WHAT THE TASK ASKS. For this exercise, please return exactly the line containing "Th. Strübin |" and each line after it through the end of the records, with no pictures included.

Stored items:
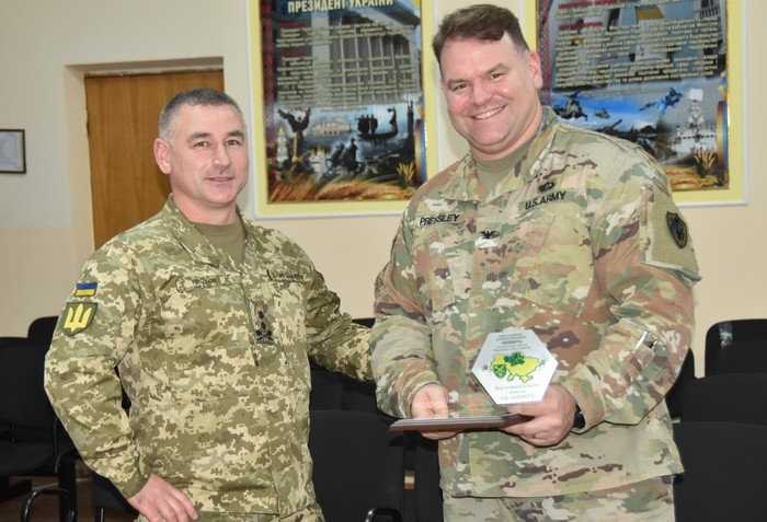 На згадку про плідну зустріч генерал Ніколюк та полковник Преслі обмінялися сувенірами.
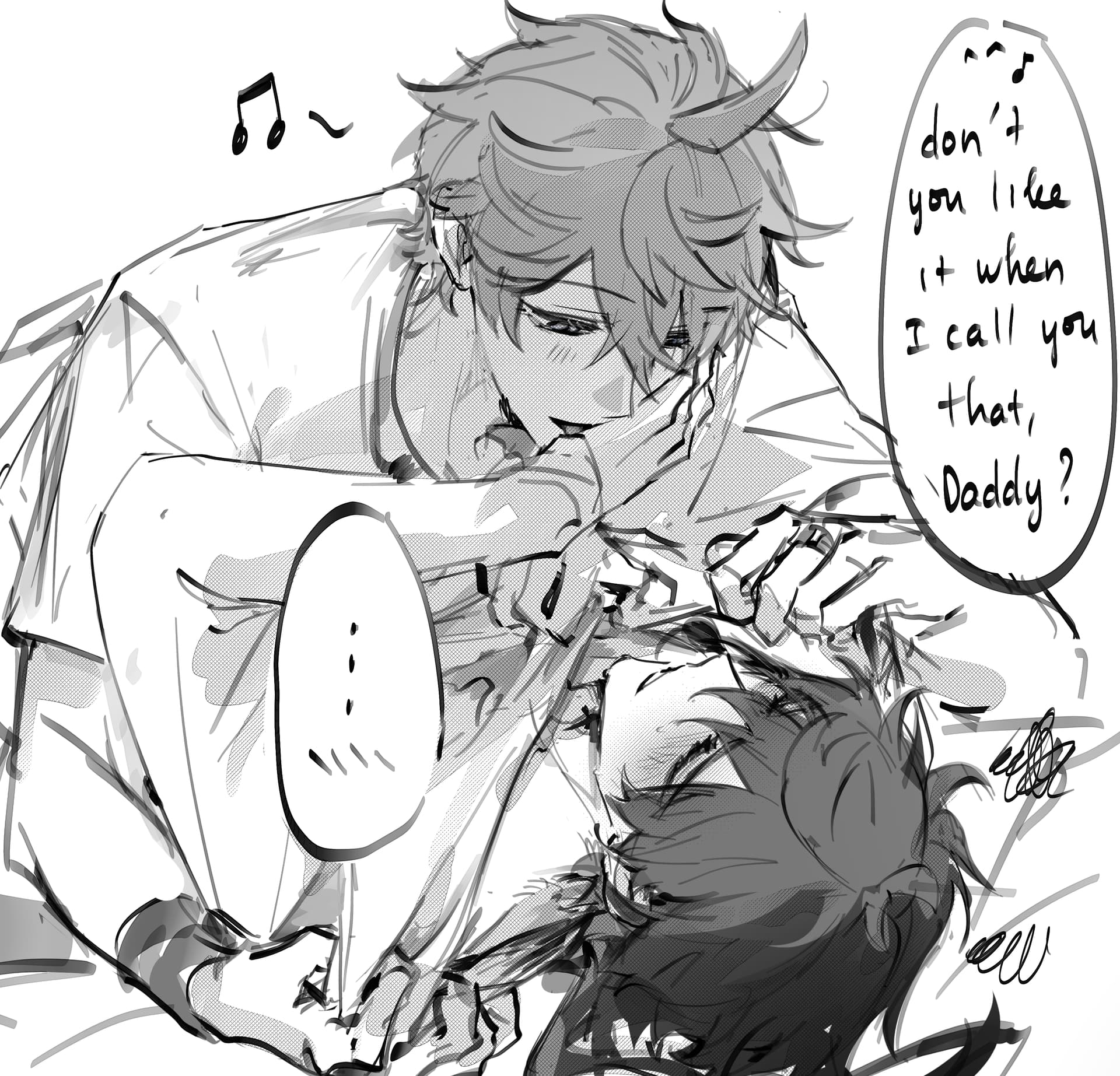 2boys blush english_text genshin_impact greyscale hamtaru542899 highres licking licking_hand monochrome mors_gn multiple_boys musical_note pinned_down speech_bubble tartaglia_(genshin_impact) tartali.club tongue white_background yaoi zhongli_(genshin_impact)
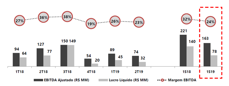 A receita líquida da empresa ficou em R$ 675,5 milhões no 1S19, o que representou uma redução de 3,1% em comparação ao 1S18.
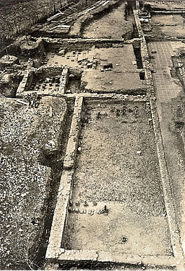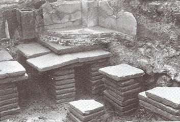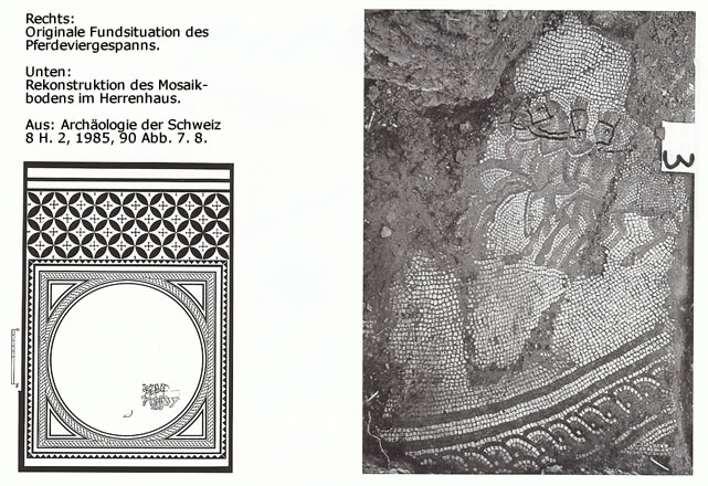 | Oben: Detail des grossen Wohnraumes mit Mosaik und Bodenheizung sowie Platten der Sockelverkleidung. Aus: W. Drack / R. Fellmann, Die Römer in der Schweiz (1988) 433 Abb. 399 Links: Die Wohnräume des Südflügels mit dem beheizten Bad. Foto Th. Strübin |
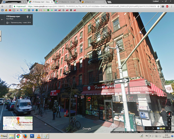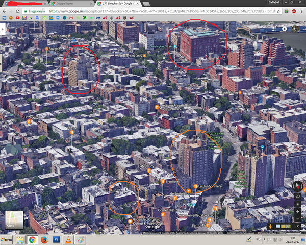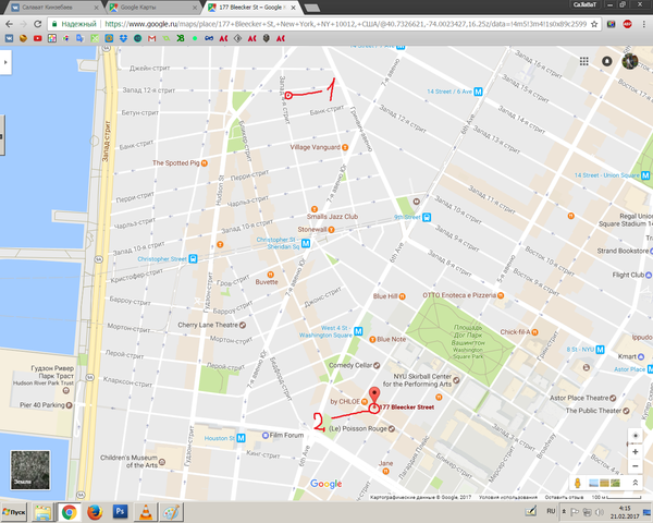 Расположен он (1), как это ни странно, лишь на несколько кварталов к северу от фейкового адреса (2). И там ничего интересного, к сожалению, нет. Даже само здание пририсовано.
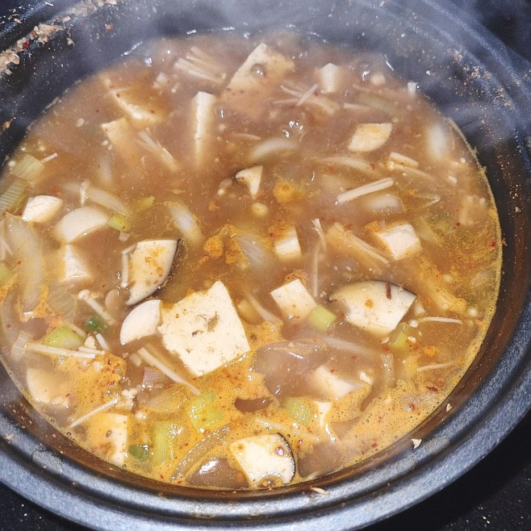 육수가 잘 우러났으면 준비해둔 팽이버섯, 송이버섯, 두부를 넣고 15분간 더 끓여줍니다. 이때 국간장 1T를 넣어 맛을 더하고, 부족한 간은 소금으로 맞춰주세요. 버섯과 두부가 부드럽게 익도록 충분히 끓여주는 것이 중요합니다.
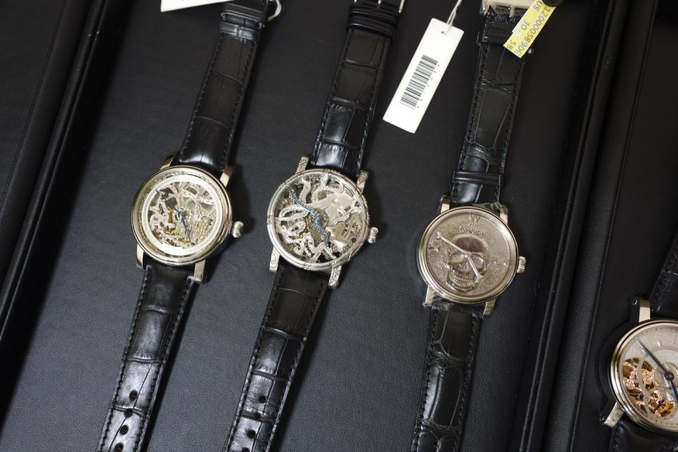 右のスカルはハンマリング加工による文字盤、時分針も骨です。

SOLUTION FOR THIS EXERCISE.
 | Oben: Detail des grossen Wohnraumes mit Mosaik und Bodenheizung sowie Platten der Sockelverkleidung. Aus: W. Drack / R. Fellmann, Die Römer in der Schweiz (1988) 433 Abb. 399 Links: Die Wohnräume des Südflügels mit dem beheizten Bad. Foto Th. Strübin |
 Расположен он (1), как это ни странно, лишь на несколько кварталов к северу от фейкового адреса (2). И там ничего интересного, к сожалению, нет. Даже само здание пририсовано.
 육수가 잘 우러났으면 준비해둔 팽이버섯, 송이버섯, 두부를 넣고 15분간 더 끓여줍니다. 이때 국간장 1T를 넣어 맛을 더하고, 부족한 간은 소금으로 맞춰주세요. 버섯과 두부가 부드럽게 익도록 충분히 끓여주는 것이 중요합니다.
 右のスカルはハンマリング加工による文字盤、時分針も骨です。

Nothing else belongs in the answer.